The Debian package leela-zero contains no "pretrained model", or "weights file" in its terminology.

Leela Zero contains a program (autogtp) that generates and uploads raw game data, based on some weights you give it. Data generated by many volunteers is collected together and is available here [1] released into the public domain [2]. There's more than 1TB of it.

The code to "compile"/"train" this raw data into a weights file is in training/* and contains code for several different frameworks including tensorflow (Debian package in-progress at [3]). The nice thing is that you can give it raw data, it will generate weights *periodically* so you can pause the training and give the weights to someone else, who can perhaps supply more data and run a different training algorithm on a different deep-learning platform. AFAICT that's how the currently-recommended weights [4] have been trained, by the efforts of many different people for the past year or so. For context, it is 110MB uncompressed and it's just a very big matrix of floating-point numbers in ASCII format.
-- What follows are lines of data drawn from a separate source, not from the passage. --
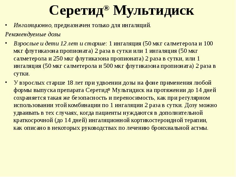 Серетид — инструкция по применению, аналоги, отзывы и формы выпуска (аэрозоль 25 + 50, 25 + 125, 25 + 250 или порошок 50 + 100, 50 + 250, 50 + 500 Мультидиск для ингаляций) препарата для лечения бронхиальной астмы у взрослых, детей и при . . .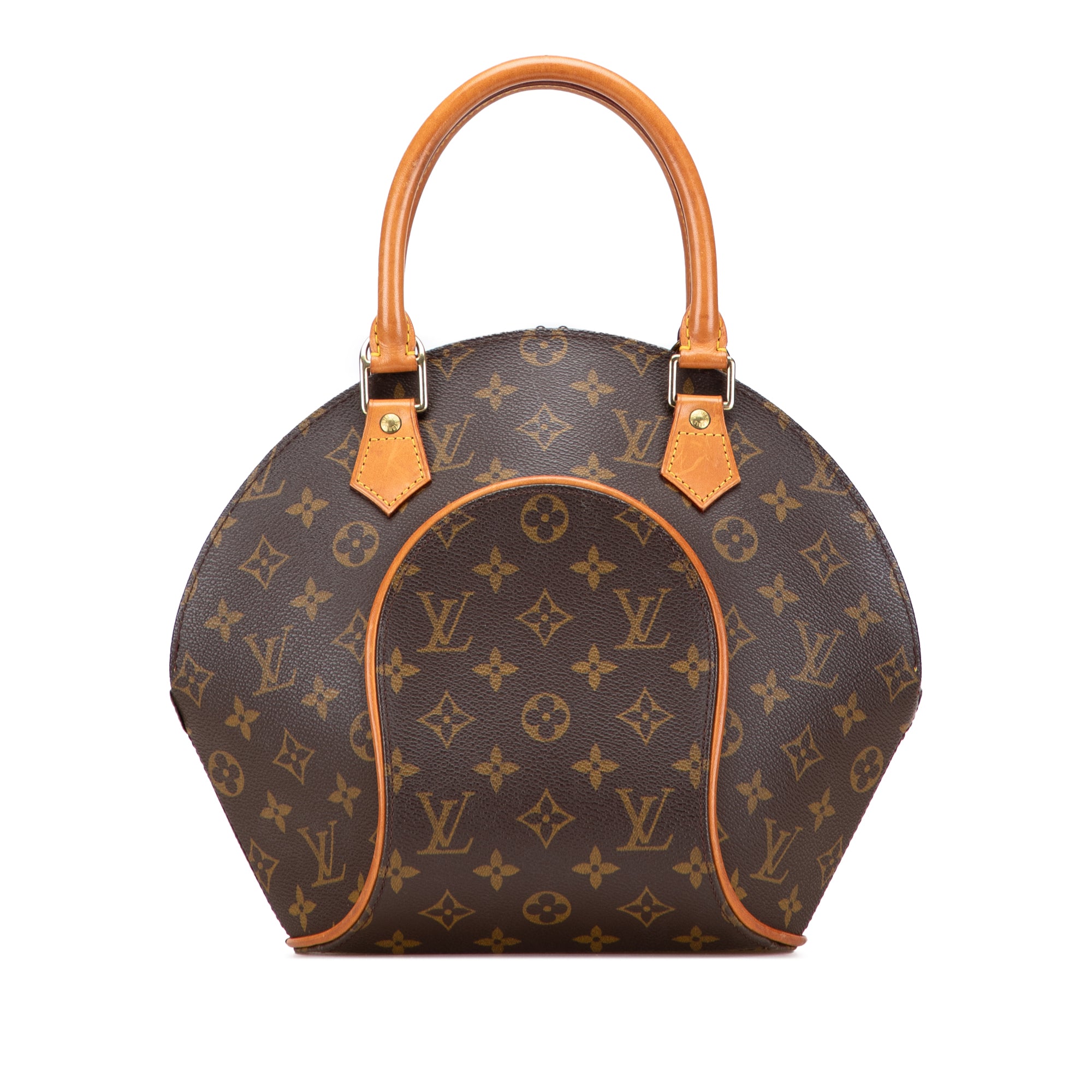 The Ellipse PM features a structured monogram canvas body with vachetta leather trim, rolled vachetta leather handles, a top zip closure, and an interior slip pocket. Retail Price: 1120.00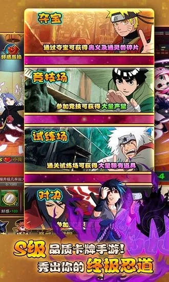 动漫里的经典角色全都来了,你可以自由挑选忍者,还能灵活搭配组建出只属于自己的阵容。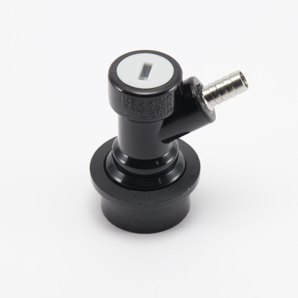 Keg king branded beer out ball lock disconnect with barb fitting. Barb will fit standard 3/8 OD line (1/4 ID)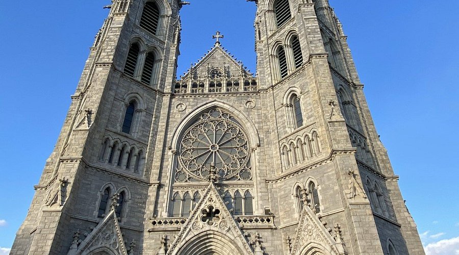 Gothic cathedral with twin towers and rose window, set against a clear deep blue sky This French Gothic cathedral, completed in 1954, ranks as the fifth-largest cathedral in North America. The building took 58 years to construct and features limestone exterior walls, flying buttresses, and towering spires.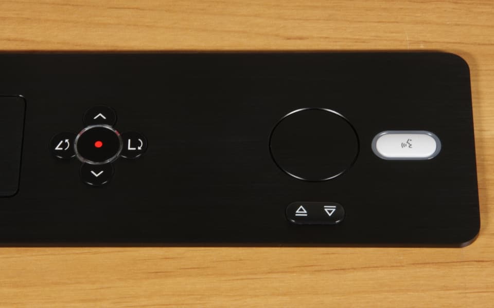 Из такого же материала изготовлены крышки люков монитора и микрофона, корпус экрана и панель основания экрана. В итоге верхняя панель выглядит аккуратно, строго и не привлекает к себе внимания, особенно, если ее цвет совпадает с цветом столешницы, а строгость дизайна сохраняется, когда монитор поднят в рабочее положение.
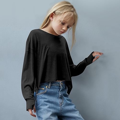 [Features]: Girls fall fashion t-shirts basic crew neck and long sleeves, these tops provide a versatile and timeless look.Available in solid colors,striped print ,cute graphic print,a simple yet stylish aesthetic ideal for casual wear,cute basic tees, trendy shirts outfits for 3-14 years girls,the loose fit tops provide a comfortable fit for ease of wear and movement
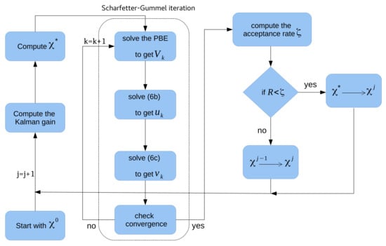 Here, indicates the covariance matrix between the identified unknowns and model response, points out the covariance matrix of the model response, and denotes the measurement noise covariance matrix []. In addition, is the residual of the proposed values concerning the model and relates to the density of measurement. A summary of the relative algorithm is given in Algorithm 2. Finally, Figure 2 shows the implementation of EnKF-MCMC and Schafetter–Gummel iteration for parameter estimation and solving the model equations.

So the source code for everything is in fact FOSS, it's just the fact that the compilation/"training" process can't be run by individuals or small non-profit orgs easily. For the purposes of DFSG packaging everything's fine, we don't distribute any weights as part of Debian, and upstream does not distribute that as part of the FOSS software either. This is not ideal but is the best we can do for now.

There are various ways to improve this situation, and none of them involve philosphical discussions on a mailing list about what is or isn't code or execution or proprietary whatever. The concepts are really very clear, we know what the "source code" equivalent is (raw data plus training algorithms), all of it is openly-licensed in the case of Leela Zero, and the problem is simply that we can't perform the execution transparently as part of FOSS infrastructure.

Two approaches are: (1) get the hardware or (2) invent a method to verify the results, probably using magical crypto to generate a proof-of-execution that can be easily verified and then have deep-learning platforms do this. I'm pretty some there's some early-stage research on (2) as part of the recent hype around blockchains but I don't know what the specific progress is, someone can dig through this more.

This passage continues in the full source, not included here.